The Dow has surged more than 1,500 points in the past two days, emerging from a bear market and reaching the 30,000 mark.
“It almost felt like a panic rally. Sentiment got too bad and people started pouring in,” said Callie Cox, U.S. investment analyst at eToro. “But the rally felt casual. It’s nice to see stocks rising, but the moves are a little disorienting. ”
My colleague Paul R. La Monica has more.
If you made a movie of the past few days at Credit Suisse, you might open with a scene-setting shot of stock and bond traders looking miserable, hands on their heads and ties skewed. There will be scenes of crazy bankers spending the weekend on the phone with clients, assuring them that everything is fine. A CEO would take a slow sip of a scotch and read a memo reassuring employees that leadership is doing everything it can to avoid layoffs…
As a connoisseur of the Wall Street crisis genre, I’d go all out.
But it looks like the real drama of the Swiss bank might not produce the cinematic crash we’ve come to expect in the shadow of the 2008 financial crisis.

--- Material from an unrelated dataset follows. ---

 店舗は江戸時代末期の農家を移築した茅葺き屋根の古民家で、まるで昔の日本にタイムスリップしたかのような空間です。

Here’s the thing: Speculation about the imminent collapse of Credit Suisse sparked Monday’s sell-off, with the bank’s shares hitting record lows. Investors and commentators were quick to speculate whether Credit Suisse was the new Lehman Brothers—almost exactly 14 years ago, the first Wall Street domino to fall in the subprime mortgage crisis.

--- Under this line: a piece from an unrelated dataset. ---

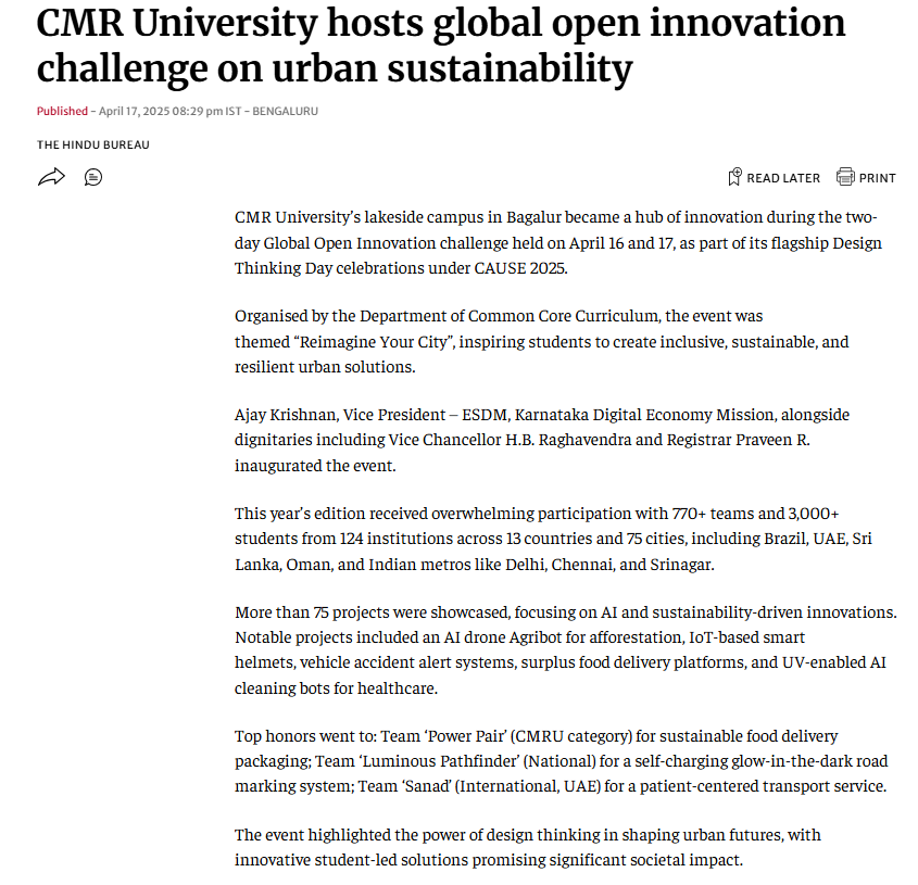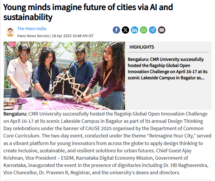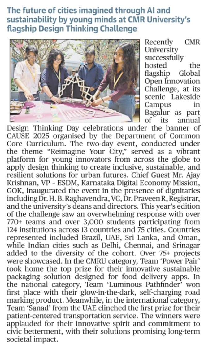 Young minds imagine future of cities via AI and sustainability at CMR University’s Design Thinking Day

This fear is understandable. When faced with a complex and scary problem, we tend to look back at past solutions, hoping we can now see what we couldn’t see then.
But, as my colleague Julia Horowitz writes, concerns about Credit Suisse reflect more about the ~sentiment~ of the market than the financial health of the bank.

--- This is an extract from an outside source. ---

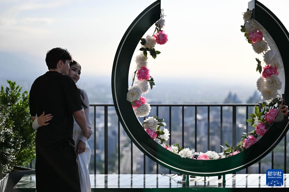 5月13日,一对情侣在哈萨克斯坦阿拉木图的科克托别山拍照留念。
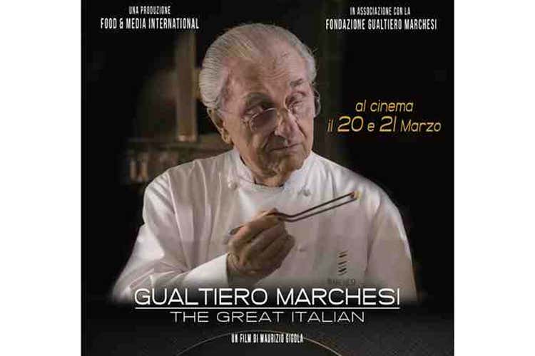Il 20 e il 21 marzo Gualtiero Marchesi The Great Italian sarà proiettato nei cinema italiani. Il film è stato realizzato grazie al sostegno di Cantine Ferrari, Illycaffè, Parmigiano Reggiano e S.Pellegrino.

Credit Suisse has been hit by scandals and fines over the years. And there are still risks ahead. But it’s far from bankruptcy. One analyst even described Credit Suisse’s liquidity position as “healthy.”
That’s part of the reason why the panic was fading by Tuesday. Credit Suisse shares rallied along with the broader stock market.
“I don’t see this as a ‘Lehman moment,'” Mohamed El-Erian, an adviser to Allianz, said on CNBC on Monday.
It’s not hard to see why investors are being triggered by Credit Suisse’s recent volatility, triggered by a memo from the CEO that, far from reassuring, raised concerns that the bank’s fundamentals are more fundamental than they appear. Unstable.
Combine this anxiety with related anxiety Or a looming global recession and turmoil in the UK bond market, and you’ve got a big anxiety shake.
Everyone on Wall Street wants to get ahead of the next big risk, remember it doesn’t always come from where you expect it to be. (For example, few saw the danger in the subprime mortgage deal that predicted the housing market crash of 2008.)
Jose-Luis Pedro, professor of finance at Imperial’s business school, said the devil is always in what you don’t know, and as far as we know, Credit Suisse could be exposed to risks that the market doesn’t know. School.
A silver lining: We haven’t had some guardrails since 2008. Larger banks now have much higher capital requirements than before the crisis, which should reduce the risk of contagion from any one failure.
Credit Suisse is far from insolvent, but even if things do go from bad to worse, it’s unlikely to bring the whole ship down.